Support Questions
Find answers, ask questions, and share your expertise
Announcements
Alert: Welcome to the Unified Cloudera Community. Former HCC members be sure to read and learn how to activate your account here.

Reading avro file from HDFS using Scala - Exception in thread "main" java.io.IOException: Not a data file.

Solved Go to solution
Highlighted

Reading avro file from HDFS using Scala - Exception in thread "main" java.io.IOException: Not a data file.

Expert Contributor

Hello - i'm reading an Avro file from HDFS - and it seems to be giving exception -

Exception in thread "main" java.io.IOException: Not a data file.
at org.apache.avro.file.DataFileStream.initialize(DataFileStream.java:105)
at org.apache.avro.file.DataFileStream.<init>(DataFileStream.java:84)
at karan.scala.readuri.ReadAvroFromURI$.readAvroFromURI(ReadAvroFromURI.scala:52)
at karan.scala.readuri.ReadAvroFromURI$.delayedEndpoint$karan$scala$readuri$ReadAvroFromURI$1(ReadAvroFromURI.scala:29)
at karan.scala.readuri.ReadAvroFromURI$delayedInit$body.apply(ReadAvroFromURI.scala:24)
at scala.Function0$class.apply$mcV$sp(Function0.scala:34)
at scala.runtime.AbstractFunction0.apply$mcV$sp(AbstractFunction0.scala:12)
at scala.App$anonfun$main$1.apply(App.scala:76)
at scala.App$anonfun$main$1.apply(App.scala:76)
at scala.collection.immutable.List.foreach(List.scala:381)
at scala.collection.generic.TraversableForwarder$class.foreach(TraversableForwarder.scala:35)
at scala.App$class.main(App.scala:76)
at karan.scala.readuri.ReadAvroFromURI$.main(ReadAvroFromURI.scala:24)
at karan.scala.readuri.ReadAvroFromURI.main(ReadAvroFromURI.scala)

Here is the Code :

conf.set("fs.defaultFS", "hdfs://localhost:9000")
val inputF = "hdfs://localhost:9000/avro/emp.avsc"
val inPath = new Path(inputF)
val fs = FileSystem.get(URI.create(inputF), conf)
val inStream = new BufferedInputStream(fs.open(inPath))
val reader = new DataFileStream(inStream, new GenericDatumReader())

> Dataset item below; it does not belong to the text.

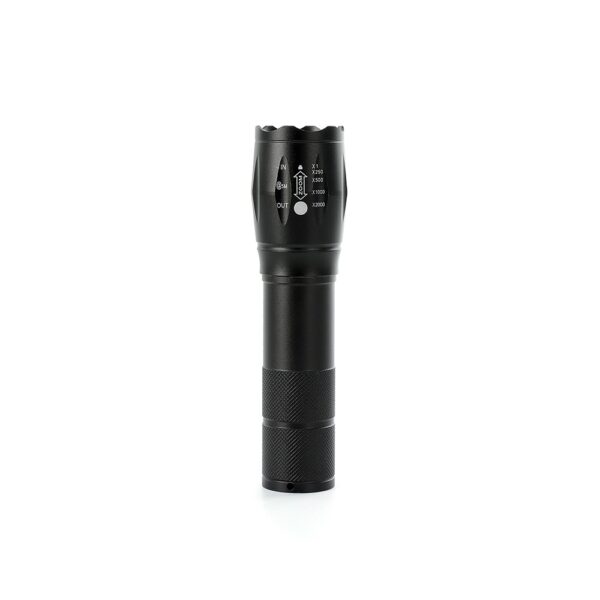 Lanterna led recarregável com zoom de regulagem e três estágios de iluminação, material metálico com USB acoplado para carregamento. Acompanha cordão de nylon.

the DataFileStream.java seems to be looking for magic bytes, to determine if this is Avro, and it is not finding this, and throwing error

void initialize(InputStream in) throws IOException {  this.header = new Header();  this.vin = DecoderFactory.get().binaryDecoder(in, vin);  byte[] magic = new byte[DataFileConstants.MAGIC.length];  try {    vin.readFixed(magic);                         // read magic} catch (IOException e) {    throw new IOException("Not a data file.");}  if (!Arrays.equals(DataFileConstants.MAGIC, magic))    throw new IOException("Not a data file.");

Any ideas on how to fix this ?

The file is fine, and i'm able to do a cat of the file (shown below) :

hdfs dfs -cat hdfs://localhost:9000/avro/emp.avsc

18/03/01 15:30:19 WARN util.NativeCodeLoader: Unable to load native-hadoop library for your platform... using builtin-java classes where applicable

{"namespace": "tutorialspoint.com","type": "record","name": "emp","fields": [{"name": "name", "type": "string"},{"name": "id", "type": "int"},{"name": "salary", "type": "int"},{"name": "age", "type": "int"},{"name": "address", "type": "string"}]}
1 ACCEPTED SOLUTION

Accepted Solutions

Re: Reading avro file from HDFS using Scala - Exception in thread "main" java.io.IOException: Not a data file.

Expert Contributor

issue is fixed, since this is not an Avro file but just an Avro schema . this needs to read as a text file.

1 REPLY 1

Re: Reading avro file from HDFS using Scala - Exception in thread "main" java.io.IOException: Not a data file.

Expert Contributor

issue is fixed, since this is not an Avro file but just an Avro schema . this needs to read as a text file.